Given material
◆ ◆ ◆ ◆ ◆ ◆ ◆

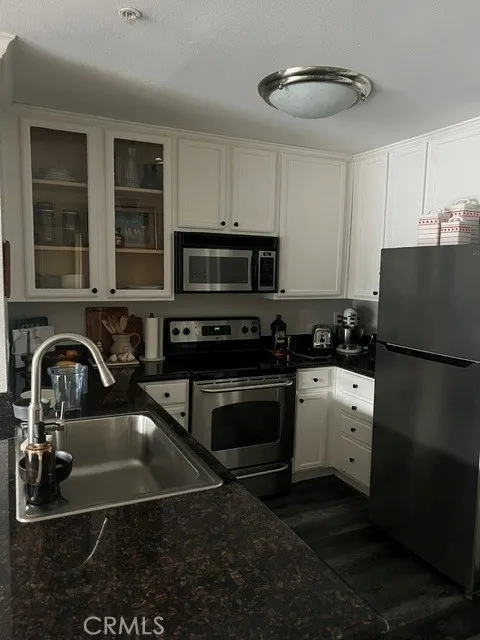Move In ready condo in the beautiful community of Triana at Corona Ranch. Newer vinyl floors, kitchen sink and faucet, garbage disposal, refrigerator, shower/tub and toilet, as well as air unit with the NEST. Open floor plan with large master bedroom and walk in closet. Full size washer and dryer also included. Large balcony and a single car garage with permitted parking space as well. Amenities of the HOA include pool, spa, clubhouse, gym, BBQ area and gated security. HOA also includes water, trash, maintenance and sewer services. Great location just one mile from 91/15 freeways and located close to shops and restaurants
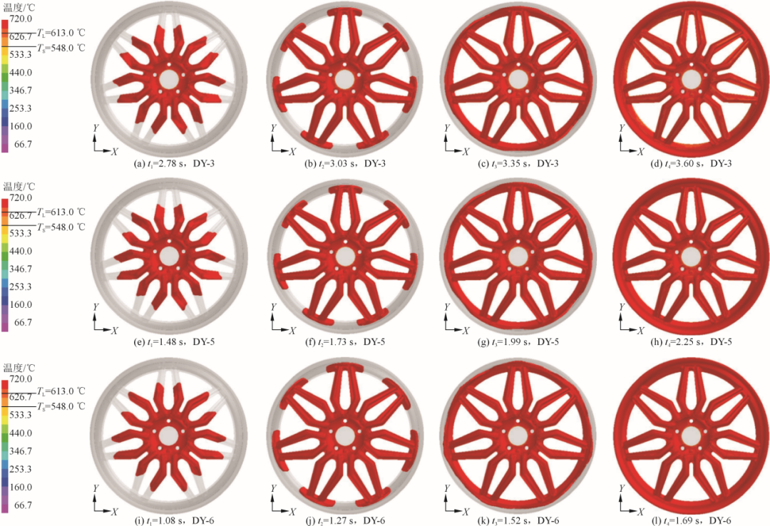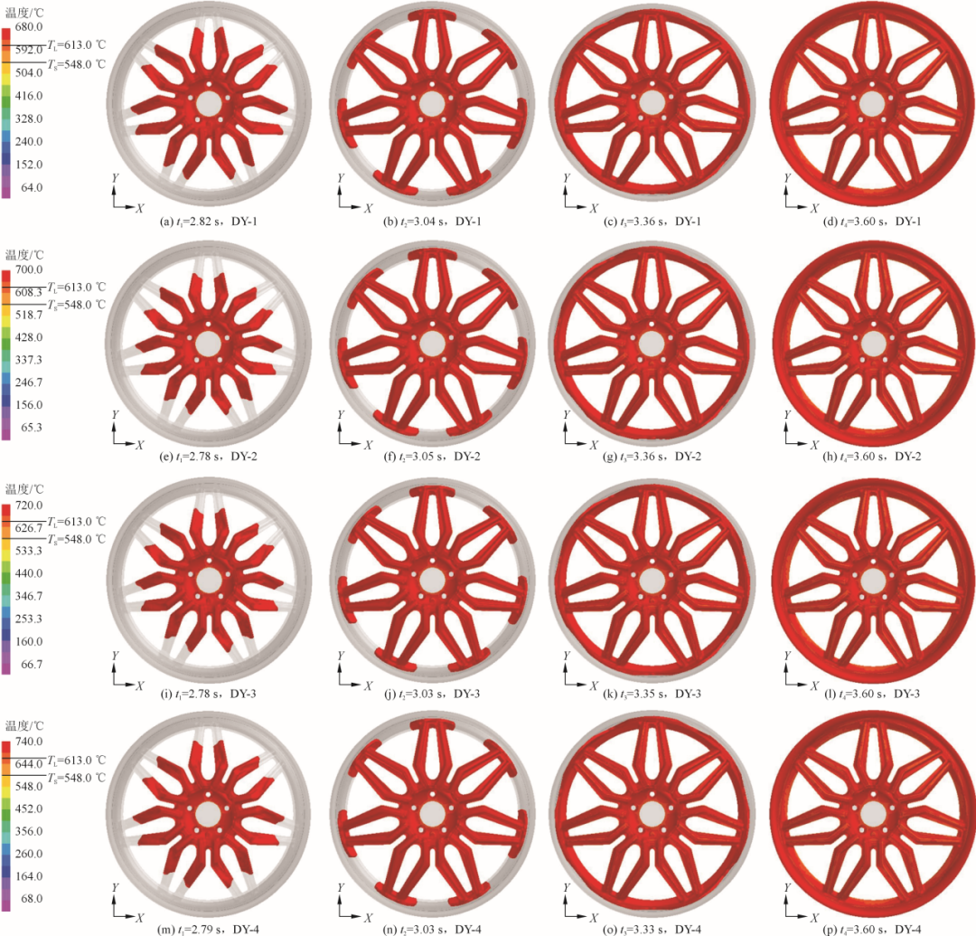 选取DY-1、2、3、4试验方案进行浇注温度对低压铸造过程影响的研究。图2为不同浇注温度时低压铸造轮毂的充型模拟结果,可以看出,不同浇注温度下模具的充型保持平稳流动,没有发生紊流飞溅现象,整个充型顺序保持一致。随着浇注温度升高,充型所需要的时间略有变化,表明浇注温度对充型效率影响不大。
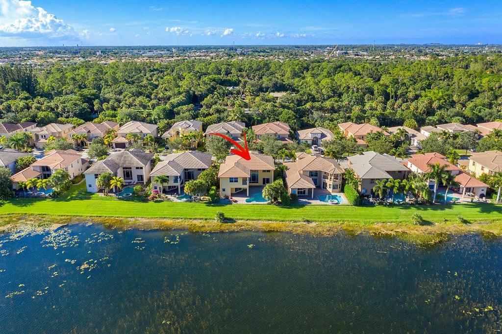 Rarely available Toll Brothers' Ternbridge model built on a beautiful, premium, long lakefront lot with circular driveway and 3-car garage. If you enjoy a lot of livable space, this home is ready for you. Estate features 5 bedrooms plus den & loft area, 5 full bathrooms totaling 4,639 square feet under air (2380 down, 2259 up). The foyer and living room areas have dramatic vaulted ceilings with elegant chandelier above. Family room and kitchen highlight pool and extensive lake views. An exquisite gourmet kitchen with high end stainless GE profile appliances is chef ready. A breakfast nook off the kitchen opens to the formal dining room and second set of stairs to the upper level. The first level bedroom suite is perfect for stay over guests, and there is an office and two full baths

◆ ◆ ◆ ◆ ◆ ◆ ◆

Begin at the first line of the listing and print each line exactly. Stop after the line containing "选取DY-1、2、3、4试验", and omit all pictures.

Answer
Move In ready condo in the beautiful community of Triana at Corona Ranch. Newer vinyl floors, kitchen sink and faucet, garbage disposal, refrigerator, shower/tub and toilet, as well as air unit with the NEST. Open floor plan with large master bedroom and walk in closet. Full size washer and dryer also included. Large balcony and a single car garage with permitted parking space as well. Amenities of the HOA include pool, spa, clubhouse, gym, BBQ area and gated security. HOA also includes water, trash, maintenance and sewer services. Great location just one mile from 91/15 freeways and located close to shops and restaurants
 选取DY-1、2、3、4试验方案进行浇注温度对低压铸造过程影响的研究。图2为不同浇注温度时低压铸造轮毂的充型模拟结果,可以看出,不同浇注温度下模具的充型保持平稳流动,没有发生紊流飞溅现象,整个充型顺序保持一致。随着浇注温度升高,充型所需要的时间略有变化,表明浇注温度对充型效率影响不大。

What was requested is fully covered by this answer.